Recorded data —
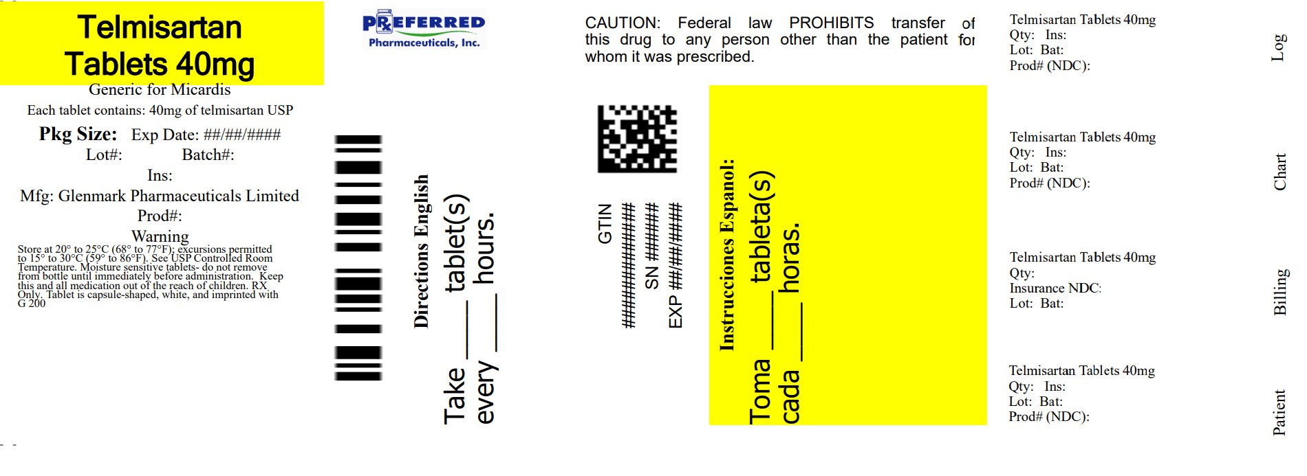 This text seems to be a description of Telmisartan tablets in 40mg dosage. It mentions caution regarding the transfer of this drug as per Federal law. The tablets are described as generic for Micardis and each tablet contains 40mg of telmisartan USP. The manufacturer is Glenmark Pharmaceuticals Limited. The tablets are advised to be stored at 20° to 25°C. They are moisture-sensitive, so shouldn't be removed from the bottle until just before administration. The tablets are white and capsule-shaped, imprinted with "G200". It also advises keeping the medication out of reach of children.*
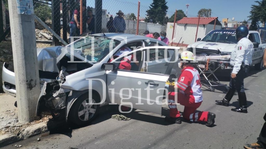 El joven conductor de un vehículo particular y su madre, resultaron lesionados de consideración, luego de que éste evitara colisionar con una camioneta que salió de una gasolinera imprudentemente, y se impactó contra un poste de luz, en el bulevar Ocotlán, muy cerca de un Colegio de Bachilleres.
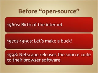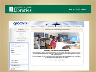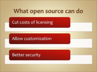 Open source software provides libraries with low-cost alternatives to proprietary software that can reduce maintenance costs and increase access to resources. Two case studies highlight libraries that implemented open source solutions like Firefox, OpenOffice, and LTSP terminals, saving over $35,000 in one case. While some compatibility issues arose, benefits included more reliable systems, reduced security risks, and meeting goals of expanding access within budgets.

What is needed —
Since the listing holds pictures, return everything else in it exactly and omit those.

Answer to the problem —
 This text seems to be a description of Telmisartan tablets in 40mg dosage. It mentions caution regarding the transfer of this drug as per Federal law. The tablets are described as generic for Micardis and each tablet contains 40mg of telmisartan USP. The manufacturer is Glenmark Pharmaceuticals Limited. The tablets are advised to be stored at 20° to 25°C. They are moisture-sensitive, so shouldn't be removed from the bottle until just before administration. The tablets are white and capsule-shaped, imprinted with "G200". It also advises keeping the medication out of reach of children.*
 El joven conductor de un vehículo particular y su madre, resultaron lesionados de consideración, luego de que éste evitara colisionar con una camioneta que salió de una gasolinera imprudentemente, y se impactó contra un poste de luz, en el bulevar Ocotlán, muy cerca de un Colegio de Bachilleres.
 Open source software provides libraries with low-cost alternatives to proprietary software that can reduce maintenance costs and increase access to resources. Two case studies highlight libraries that implemented open source solutions like Firefox, OpenOffice, and LTSP terminals, saving over $35,000 in one case. While some compatibility issues arose, benefits included more reliable systems, reduced security risks, and meeting goals of expanding access within budgets.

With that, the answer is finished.